Takeaway
- In patients with type 2 diabetes (T2D), specifically those receiving intensive blood pressure (BP), the risk for major adverse cardiovascular event (MACE) and particularly stroke was higher with the use of thiazides.
Why this matters
- Findings suggest that thiazide use may increase the risk for stroke in T2D patients with relatively low BP.
Study design
- This observational study included 10011 patients with T2D (patients taking thiazides, n=2769; not taking thiazides, n=7242) using data from the Action to Control Cardiovascular Risk in Diabetes (ACCORD) trial.
- Primary outcome: MACE-composite of death, nonfatal myocardial infarction, and nonfatal stroke.
- Funding: National Center for Global Health and Medicine and others.
Key results
- Overall, mean follow-up period was 7.7 years, and 1776 patients experienced MACEs.
- At baseline, mean systolic BP in patients taking and not taking thiazides was 137.2 and 135.7 mmHg, respectively.

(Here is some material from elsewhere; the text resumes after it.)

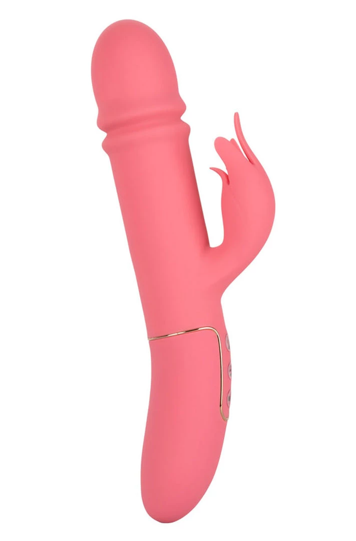 Dial in to exactly what you desire with the power 7 pulsation, vibration and escalation functions and 4 independently controlled thrusting functions. Flicker to your favorite setting with the easy touch control buttons for frustration free control. The silky smooth silicone and gold plated decor base make this vibrator a stylish addition to any pleasure toy box.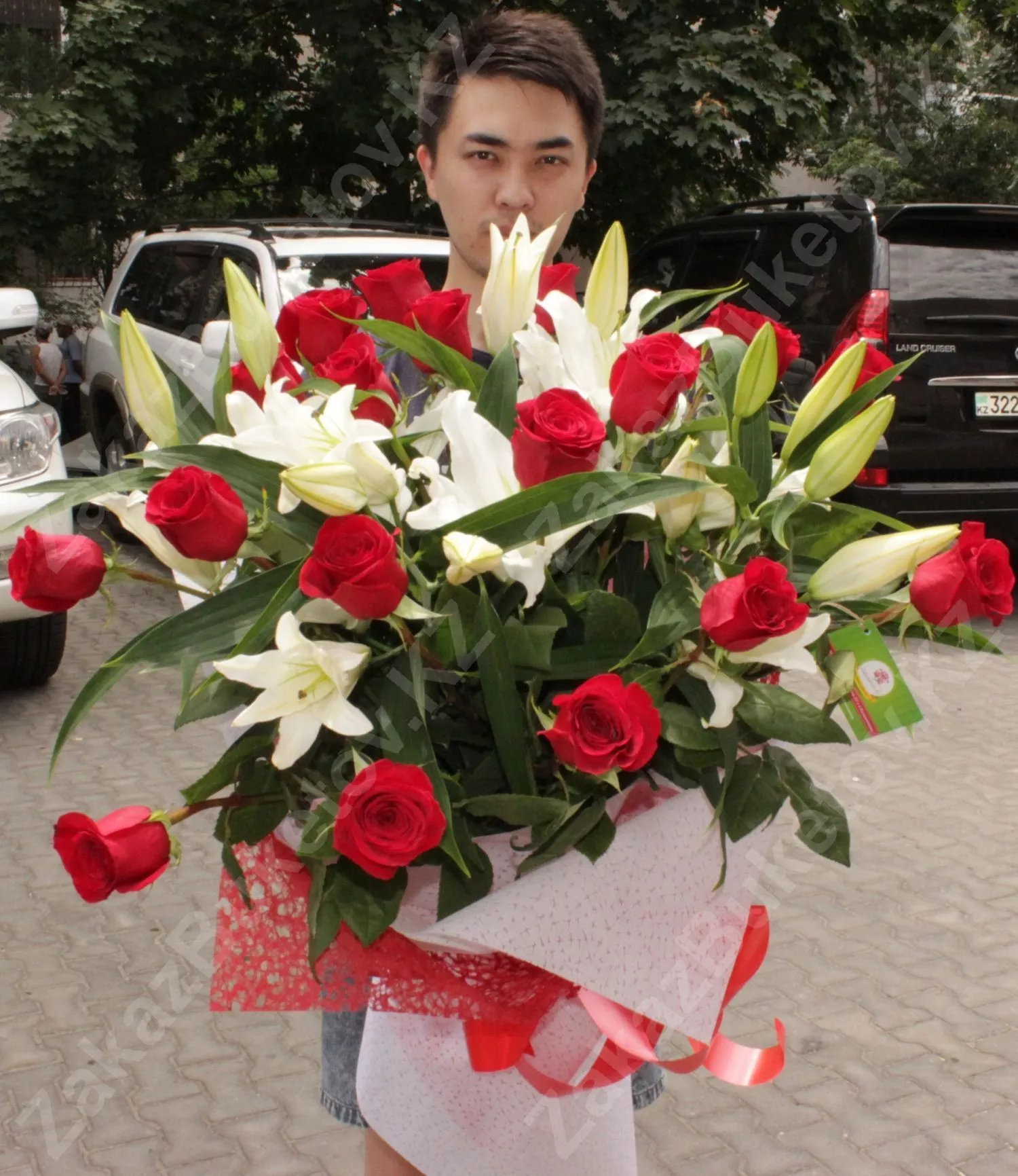 Роза голландская 60 см - 17; Лилия азиатка (Голландия) - 3; Рогожка - 4; Открытка - 1; Шпажка для открытки - 1;

- The event rate for MACE was higher in patients taking thiazides than in those taking thiazides (24.2 vs 22.5 per 1000 person-years).
- Risk for MACE and stroke was significantly higher in patients taking thiazides vs those not taking thiazides (aHR, 1.12; 95% CI, 1.01-1.25; P=.03; and aHR, 1.34; 95% CI, 1.10-1.63; P=.004; respectively).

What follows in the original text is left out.